The details of one or more variations of the subject matter described herein are set forth in the accompanying drawings and the description below. Other features and advantages of the subject matter described herein will be apparent from the description and drawings, and from the claims. While certain features of the currently disclosed subject matter are described for illustrative purposes in relation to an enterprise resource software system or other business software solution or architecture, it should be readily understood that such features are not intended to be limiting. The claims that follow this disclosure are intended to define the scope of the protected subject matter.

DESCRIPTION OF DRAWINGS

The accompanying drawings, which are incorporated in and constitute a part of this specification, show certain aspects of the subject matter disclosed herein and, together with the description, help explain some of the principles associated with the disclosed implementations.
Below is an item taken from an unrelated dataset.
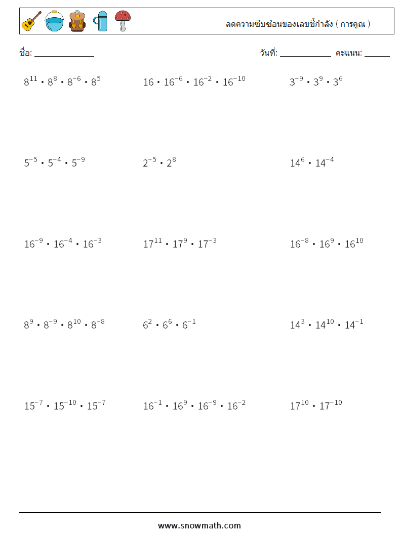 ลดความซับซ้อนของเลขชี้กำลัง ( การคูณ )

In the drawings:

FIG. 1 illustrates a prior art dictionary for a traditional row-based database;

FIG. 2 illustrates a block diagram of an in-memory database system (IMDS) that includes an in-memory appliance having a main memory that forms an in-memory database having a column and/or row structure, for fast storage, access and retrieval of business data;

FIG. 3 is a diagram illustrating aspects of a system showing features consistent with implementations of the current subject matter;

FIG. 4 illustrates a storage structure for use with a system in accordance with implementations of the current subject matter;

FIG. 5 illustrates a delta merge operation;

FIG. 6 illustrates a delta to main memory merge operation;

FIG. 7 illustrates a fixed string dictionary with several special properties;

FIG. 8 illustrates term 3 encoding for the example shown in FIG. 7; and

FIG. 9 illustrates another implementation of a fixed string dictionary.

When practical, similar reference numbers denote similar structures, features, or elements.

DETAILED DESCRIPTION

To address these and potentially other issues with currently available solutions, methods, systems, articles of manufacture, and the like consistent with one or more implementations of the current subject matter can, among other possible advantages, provide high compression and yet fast search on certain types of data, which is relevant for key columns and many data columns in a business warehouse, enterprise resource planning (BW/ERP) system.
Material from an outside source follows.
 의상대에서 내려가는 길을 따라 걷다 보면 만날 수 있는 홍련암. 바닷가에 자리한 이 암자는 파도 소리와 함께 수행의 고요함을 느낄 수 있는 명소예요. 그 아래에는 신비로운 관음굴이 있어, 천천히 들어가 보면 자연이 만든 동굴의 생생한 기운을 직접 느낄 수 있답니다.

FIG. 1 illustrates a prior art dictionary for a traditional row-based database.

FIG. 2 is a block diagram of an in-memory database system (IMDS) 100 that includes an in-memory appliance 102 having a main memory 104 that forms an in-memory database having a column and/or row structure, for fast storage, access and retrieval of business data. The main memory can be provided in silicon, such as random access memory. The in-memory appliance 102 of the IMDS 100 also includes modeling tools 106 for modeling any number of applications or visualizations of the data from the main memory 104, i.e. executing various business applications or the like, real-time replication services 108 and data services 110 for the business data received for storage by the in-memory appliance 102.
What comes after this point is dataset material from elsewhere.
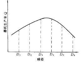 實(shí)驗(yàn)室磨機(jī)的規(guī)格小,相應(yīng)的給礦粒度也小,試驗(yàn)結(jié)果可作為中細(xì)磨機(jī)的球徑選擇依據(jù)。因?yàn)榻o礦粒度小,通常3~5mm以下,給礦粒度范圍窄,因此采用單種球徑球組進(jìn)行試驗(yàn)即可。選擇的球組不應(yīng)低于3組,較好的是5或6組,目的是要將待求更好的球徑包括在內(nèi),不漏掉較佳值。當(dāng)其它參數(shù)固定不變時(shí)磨機(jī)指定級(jí)別在生產(chǎn)率與球徑之間的關(guān)系是一個(gè)單峰函數(shù),如圖3-5-2所示。如果選擇D1、D2、D3三種球,生產(chǎn)率曲線到D3時(shí)呈上升趨勢(shì),無(wú)法判定D3,是較好的球徑值;同樣,選擇D4、D5、D6三種球時(shí),也無(wú)法判定D4是較好的球徑值,只有使生產(chǎn)率曲線達(dá)到峰值和導(dǎo)數(shù)轉(zhuǎn)向時(shí)才能找出更好的值。

The in-memory appliance 102 can be a computing system such as a server, or a set of computing system distributed across a network. The in-memory appliance 102 receives data for storage according to one or more business objects 112, which can be retrieved and used by one or more business intelligence (BI) applications 114 or other applications 116. Other consumers of business data from the in-memory appliance 102 can be a business warehouse 118 or similar application framework.

FIG. 3 illustrates a storage structure 200 that can be used with an in-memory database according to implementations of an LOB storage scheme. The storage structure includes a unified table structure 202 having a row store structures 204 for storing, as an example, level 1 delta data based on operations executed according to a number of physical operators. The unified table structure 202 can include column store structures 206 and 208, for storing level 2 data and main memory storage, respectively. A typical setup of the storage structure 200 includes the following three stages for records within a regular table.

L1-delta: The L1-delta structure accepts all incoming data requests and stores them in a write-optimized manner, i.e. the L1-delta preserves the logical row format of the record. The data structure is optimized for fast insert and delete, field update, and record projection. Moreover, the L1-delta structure does not perform any data compression. As a rule of thumb, the L1-delta structure may hold 10,000 to 100,000 rows per single-node database instance depending on the workload characteristics and the amount of available memory.

L2-delta: The L2-delta structure represents the second stage of the record life cycle and is organized in the column store format. In contrast to the L1-delta, the L2-delta employs dictionary encoding to achieve better memory usage. However, for performance reasons, the dictionary is unsorted requiring secondary index structures to optimally support point query access patterns, e.g. fast execution of unique constraint checks. The L2-delta is well suited to store up to 10 millions of rows.

Main Store: The main store represents the core data format with the highest compression rate, exploiting a variety of different compression schemes. By default, all values within a column are represented via the position in a sorted dictionary and stored in a bit-packed manner to have a tight packing of the individual values. While the dictionary is always compressed using a variety of prefix-coding schemes, a combination of different compression techniques—ranging from simple

The different data structures share a set of common data types. The access is exposed through a common abstract interface with row and column iterator, both optionally dictionary based. Moreover, some of the physical operators may pull record-by-record or in a vectorized way (i.e. block-by-block) following a classical ONC-protocol to enable pipelined operation and reduce the memory requirements for intermediate results as much as possible. Other physical operators can implement a “materialize all”—strategy to avoid operator switching costs during query execution. The optimizer decides on a mixture of the different types of operators depending on the logical calculation model, i.e. the different types of operators are seamlessly integrated within a final query execution plan.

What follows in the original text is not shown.